YOUR INSTRUCTIONS: Your answer must be exactly the lines from the one containing "Pesquisa inédita do" through the end of the material, both ends included, without pictures.

*** DATA FOR REVIEW ***

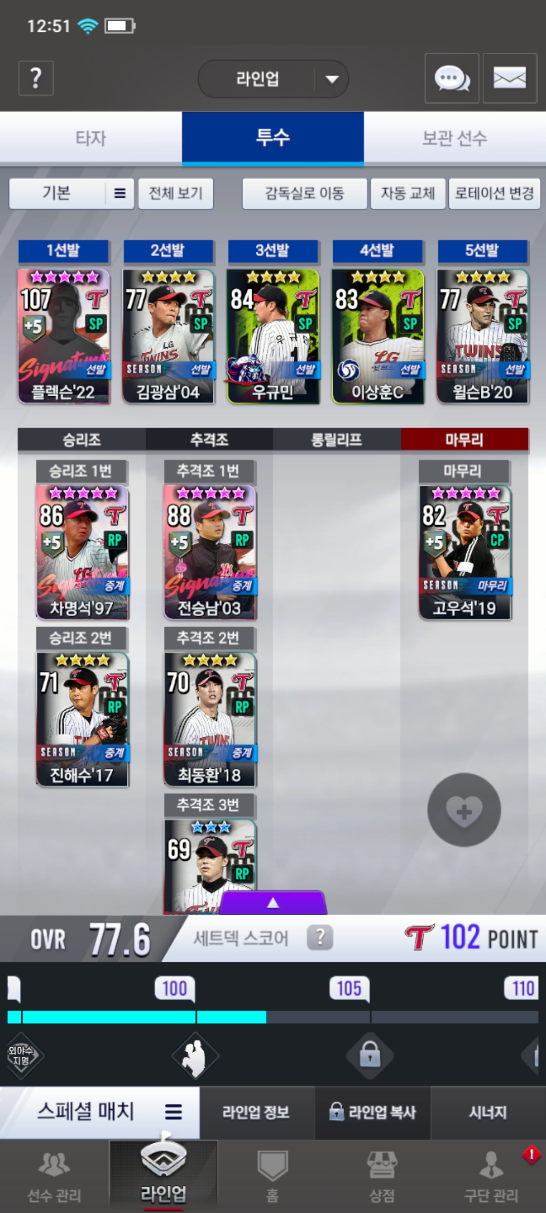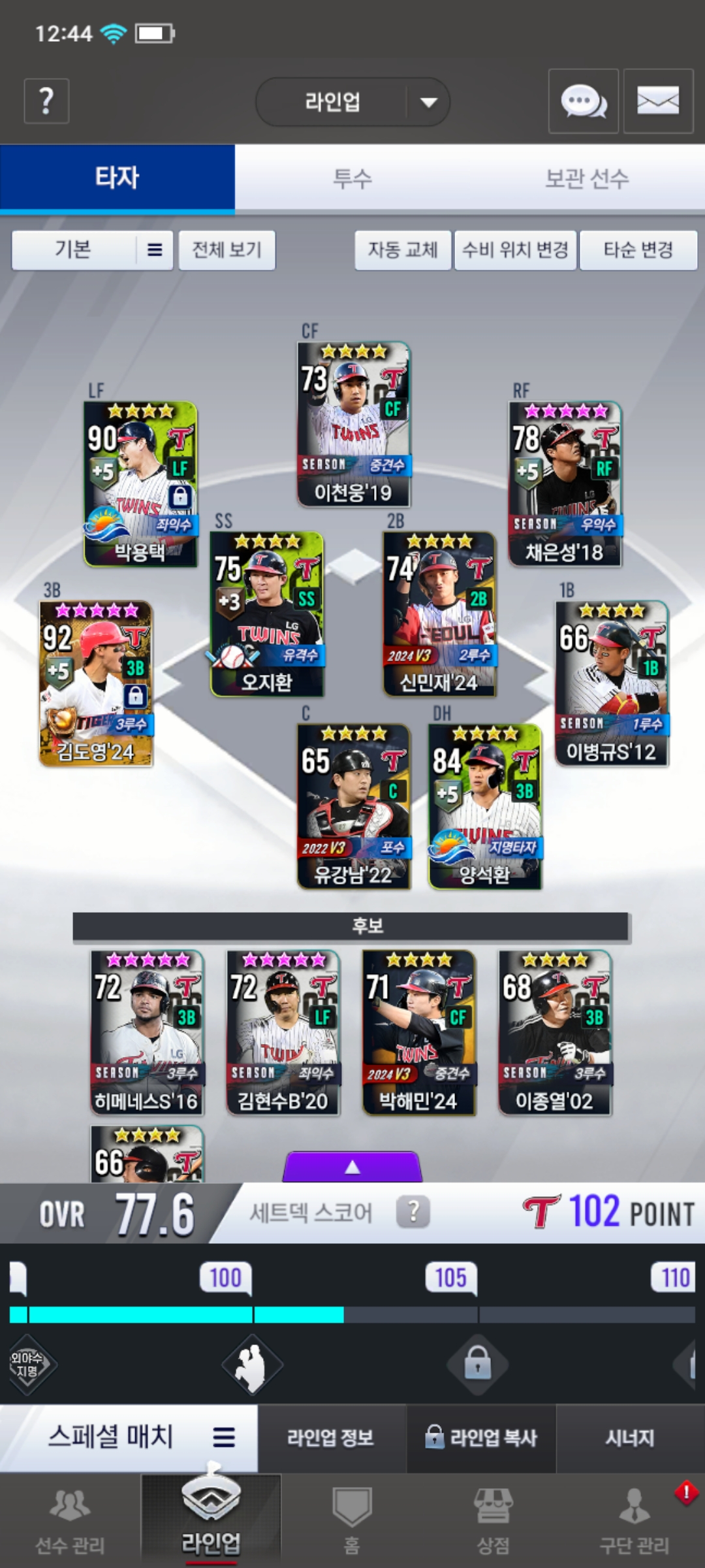 무과금으로 게임을 즐기다 정신차리고 리세를 하다보니 22시그 플럿코와 차명석, 전승남과 여사 박용택을 얻었습니다. 하지만 박용택과 추후에 얻을 18김현수의 포지션이 겹친다는걸 알게되어 고민입니다. 조언 부탁드립니다.
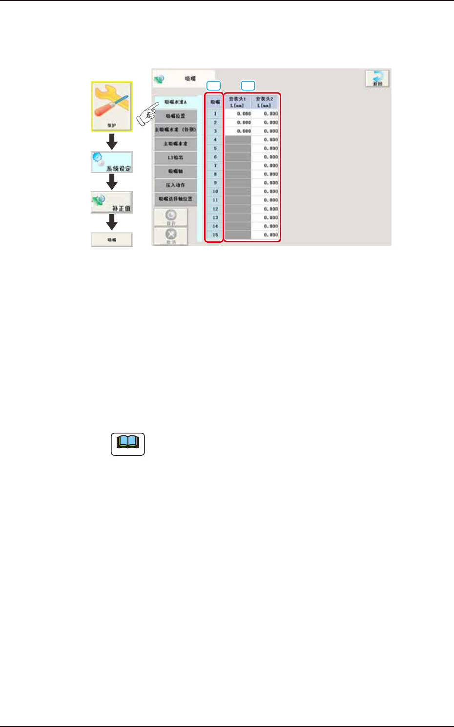 在“补正数据”界面按 [ 吸嘴 ] 按钮,显示如下界面。
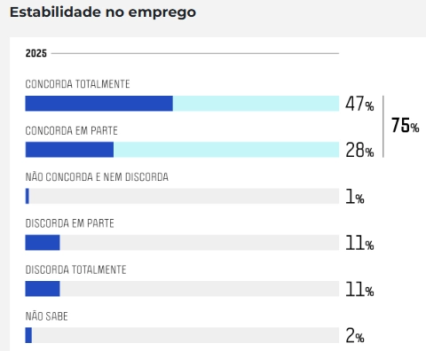 Pesquisa inédita do Instituto Datafolha revela que 75% dos brasileiros apoiam a estabilidade dos servidores públicos no Brasil. Estudo, divulgado em 28 de agosto último, foi encomendado pelo "Movimento Pessoas à Frente", "composto por pessoas chave de diferentes setores, entre especialistas, parlamentares, sindicatos, Governo Federal, Governos Estaduais, Judiciário, Órgãos de Controle, Advocacia Pública e organizações do Terceiro Setor."
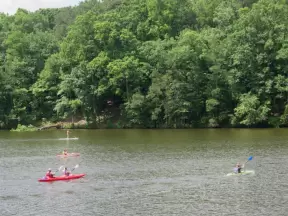 Beautiful lake with small beach, kayak rentals, and 3 mile shady paved walking loop around the lake.
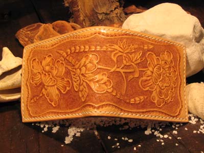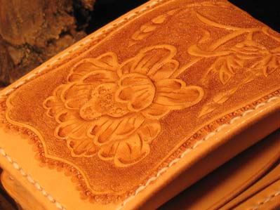 沖縄には古くから紅型という染物があり、その古典柄を生かしレザーカービングを施した今年の新作財布です。

*** End of DATA FOR REVIEW ***

FINAL ANSWER:
 Pesquisa inédita do Instituto Datafolha revela que 75% dos brasileiros apoiam a estabilidade dos servidores públicos no Brasil. Estudo, divulgado em 28 de agosto último, foi encomendado pelo "Movimento Pessoas à Frente", "composto por pessoas chave de diferentes setores, entre especialistas, parlamentares, sindicatos, Governo Federal, Governos Estaduais, Judiciário, Órgãos de Controle, Advocacia Pública e organizações do Terceiro Setor."
 Beautiful lake with small beach, kayak rentals, and 3 mile shady paved walking loop around the lake.
 沖縄には古くから紅型という染物があり、その古典柄を生かしレザーカービングを施した今年の新作財布です。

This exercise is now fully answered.